Yesterday all over the nation, people of all stripes, all ages, all genders, all believing that fascism, Naziism, revenge, and lack of due process are wrong, came out to wave signs and be together to not feel so alone. Red states, blue states, cities, rural towns (special shoutout to Rushville, Nebraska, as ruby red of an area as there is in this nation had 43 brave souls line the street to express themselves) all stood together for a couple of hours or so and said no more. Will it work? Again, everything starts somewhere.

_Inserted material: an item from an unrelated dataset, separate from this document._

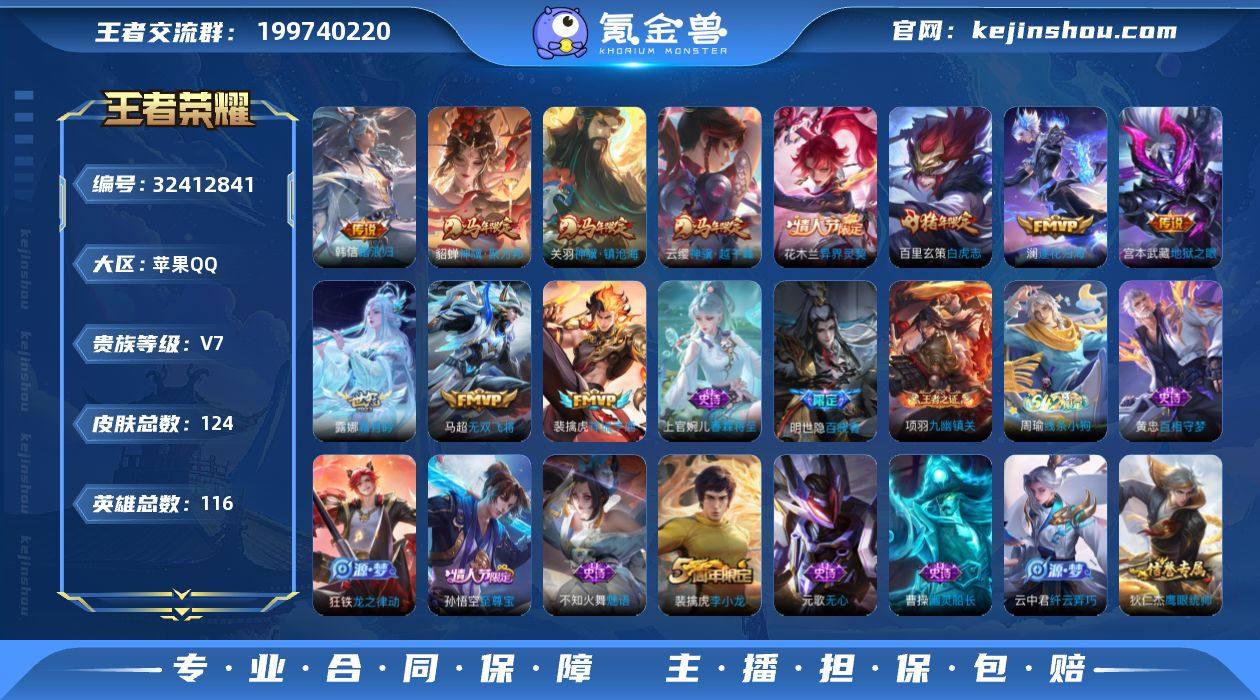 "新皮多!韩信踏浪归!马年云缨!马年关羽!马年貂蝉!花木兰情限!白虎志!裴擒虎fmvp!无双飞将!至尊宝!506玫瑰!2789星币!【高质量野王小号 特价出售 永久包赔】 js1662-苹果Q-V7-最强王者段位-116英雄-124皮肤-11传说-23史诗 【传说皮肤·11】:韩信踏浪归,云缨神骥越千峰,关羽神骥镇沧海,貂蝉神骥聚万邦,花木兰异界灵契,裴擒虎祥瑞亨通,澜逐花归海,露娜霜月吟,马超无双飞将,百里玄策白虎志,宫本武藏地狱之眼 【限定皮肤·21】:狄仁杰阴阳师,赵云皇家上将,孙尚香蔷薇恋人,元歌无心,典韦穷奇,狄仁杰魔术师,狄仁杰万华元夜,项羽海滩派对,老夫子醍醐杖,程咬金演武夺筹,孙悟空至尊宝,牛魔御旌,钟馗驱傩正仪,鬼谷子原初探秘者,百里玄策白虎志,弈星混沌棋,明世隐疑决卦,裴擒虎李小龙,米莱狄御霄,云中君纤云弄巧,盾山御銮 【年限皮肤·1】:百里玄策白虎志 【赛季限定·16】:典韦穷奇,米莱狄御霄,牛魔御旌,盾山御銮,弈星混沌棋,明世隐疑决卦,老夫子醍醐杖,鬼谷子原初探秘者,狄仁杰万华元夜,程咬金演武夺筹,钟馗驱傩正仪,太乙真人谧流熔炉,钟馗虚灵犬护,甄姬逆浪荇歌,亚瑟荣光之誓,项羽九幽镇关 【战令限定·1】:周瑜线条小狗...

Look, I am not afraid to live in a state that has elected some of the stupidest people on Earth year after year because despite 30 some years of GOP rule, the majority of the state is unwilling to change. Vote R no matter what. They raise your property taxes to outrageous levels, raise income taxes rates on everyday people while granting virtually any business tax breaks, and ban abortion, fuck around with this idiot bathroom shit, ban transgender treatment, and vote to give everybody breathing a fucking gun but you still vote for them. Political fear is not a reaction, its cowardice.

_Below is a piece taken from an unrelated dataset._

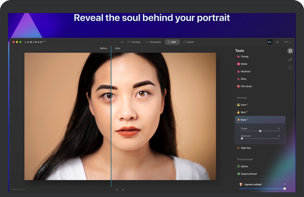 使用革命性的工具增强肖像的自然美感-无需遮罩。Iris AI使您可以单击更改眼睛的颜色。选择自然色或创意奇特的东西,直视您的灵魂。身体AI使身体达到完美状态,并在需要时增加或减轻体重。FaceAI可以照亮并瘦脸,消除黑眼圈和红眼,改善唇色,修饰眉毛,甚至还能做更多。

I got in trouble in high school for advocating the end of a war in Vietnam. Take off that black armband they said. Stop rabble rousing they said. We will make your life miserable unless you fall into line and stop with this anti Nixon shit. Let me put it this way, they succeeded in making my high school experience a miserable slog of daily abuse. I hate the place to this day.

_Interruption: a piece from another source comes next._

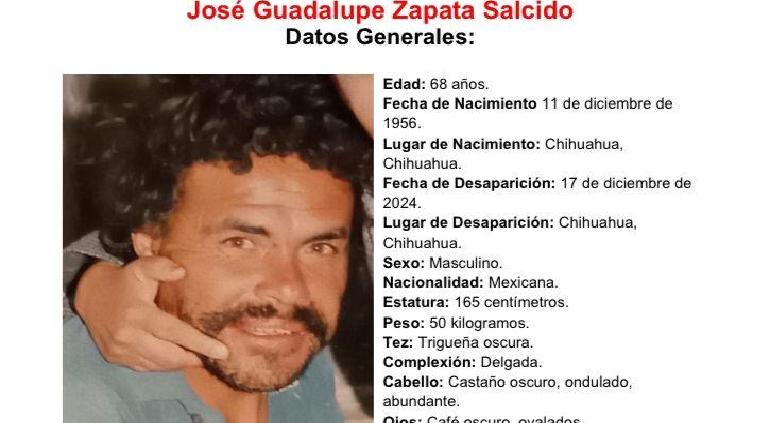 El ciudadano José Guadalupe Zapata Salcido, de 68 años de edad, desapareció el pasado 17 de diciembre en la ciudad de Chihuahua. Lo vieron por última vez en la colonia Junta de los Ríos.

I've stepped up against Reagan, against the first Gulf War, the second Gulf War, Trumps first fiasco and now, at my advanced age, against this current band of authoritarian pricks. I am too old to stop now.

So, did yesterday make me feel better? Fuck yeah it did. And if you think that this does no good, well you're just an apathetic dope, probably either a fascist yourself, rich enough to withstand economic collapse or so cynical you are beyond help, sitting in the easy chair cutting down anything you feel too beaten down to understand. Chrissakes, the rally in Omaha featured a long rambling speech by some local self-proclaimed "communist "who bathes in the limelight of pissing into the tent by hammering "white liberals" as worse than the KKK. So far off the edge, he's just another fascist.

In conclusion, I am selfish enough to enjoy feeling better and thinking it's good for MY mental health. If you don't, well continue to do nothing. And when they finally come for you, broke and mentally exhausted, there will be nobody to stand up for you.

Special shoutout yesterday to the assholes gunning their Harleys and disrupting speeches, flipping us off, and riding around without helmets (Cmon organ donors!). You clowns give the bike riding community a bad name. It was so precious to watch the little boys having fun.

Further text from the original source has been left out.